Multi-element analysis of soils and sediments from archaeological sites have shown that former human activity can impact the soil resulting in elevated element concentrations. In particular the results of a recent study by the authors have highlighted the correlation between enhanced levels of lead (Pb) and functional areas on post-medieval farm sites abandoned within the last 65-150 years. These signatures are an important resource potentially providing information on past management practices. However, even where local reference materials have been geochemically fingerprinted it is difficult to identify Pb sources because of the diversity of inputs (e.g. alloys, paints, glass, fuel materials), modern atmospheric deposition, and mixing of elemental signatures in the soil.

A preliminary study of the potential of lead isotope ratios to differentiate between Pb sources used TIMS analysis to determine ratios of 208Pb/204Pb, 207Pb/204Pb, 206Pb/204Pb, 206Pb/207Pb, 208Pb/207Pb and 208Pb/206Pb in soils from the house, hearth, byre, kailyard, and arable fields of an abandoned croft in Shetland, Scotland. Local fuel (turf and coal), plaster, and soil parent materials (sand and till) were also analysed. The results show clear differences in Pb isotope ratios between the reference materials, and between the soils of the different contexts.

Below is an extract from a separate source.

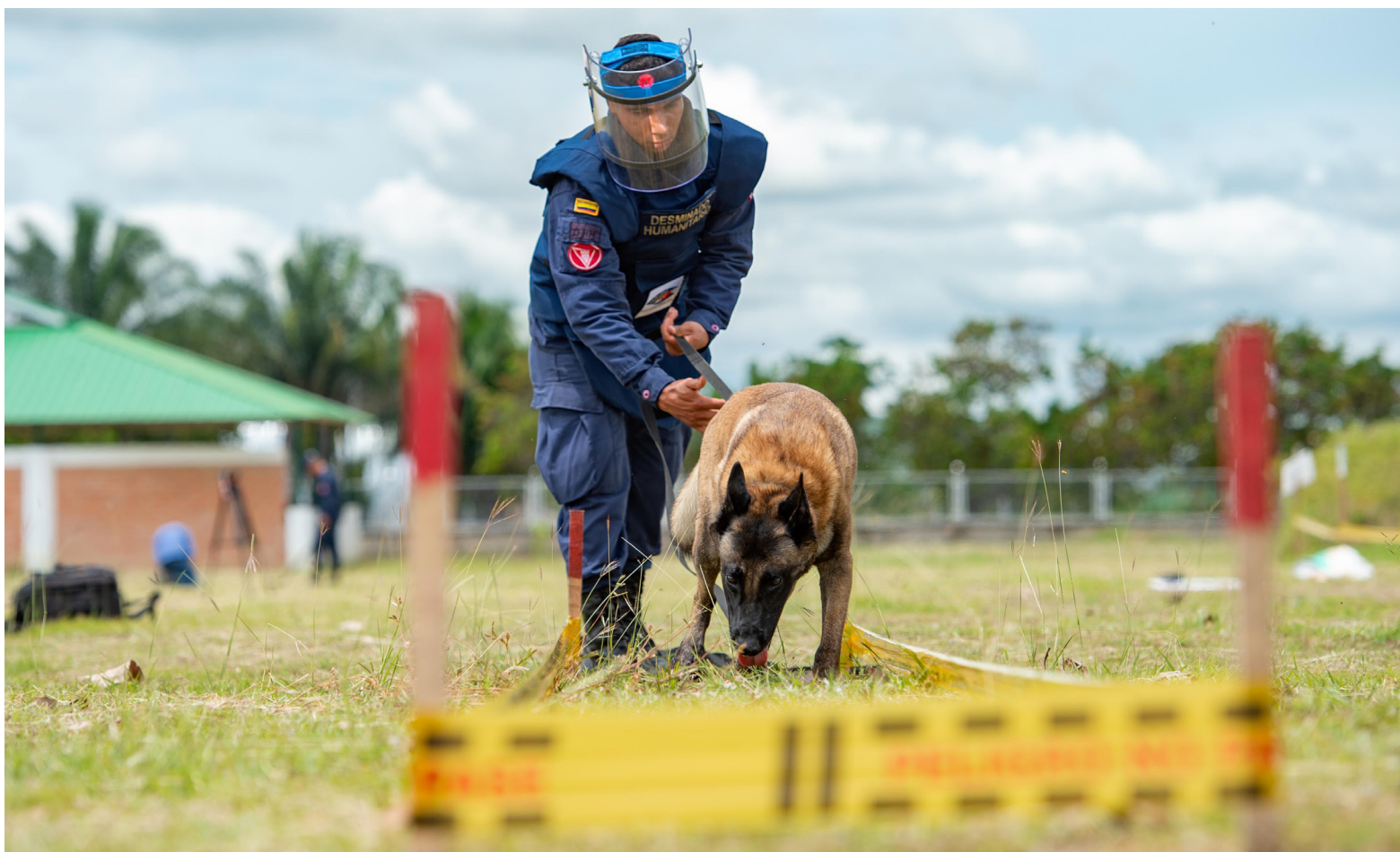
Batallón de Desminado Humanitario N.º 5 en el Huila ha descontaminado 36 de los 37 municipios del Departamento desde marzo de 2017.

Con misa en acción de gracias, ofrenda floral y un stand ubicado en el parque Santander de la ciudad de Neiva, la Novena Brigada a través del Batallón de Desminado Humanitario N.º 5, conmemoró el Día de la Sensibilización contra las minas antipersona, haciendo un energético llamado a rechazar su uso letal, el mismo que está

One the basis of their Pb isotope ratios, the soils from this site divide into two clear groupings (Figure 1), which can be modelled using linear mixing models. The first grouping consists of the hearth, house overburden and house floor soil (y= -0.77x + 2.79) and has end members of coal and turf and an unidentified input. The second consists of the byre, garden and arable soils (y= -0.49x + 2.19) and has end members of the hearth material and local wind blown sands. These two groupings reflect the known history of the site and expected material streams through these contexts.

These initial results are positive and suggest that more research is justified to fully evaluate the technique as a means of sourcing imported anthopogenic Pb in historical and archaeological soils as a means of better understanding former soil management practices.

Figure 1: Bilateral plot of 206Pb/207Pb against 208Pb/206Pb for soils and reference materials from Shetland croft.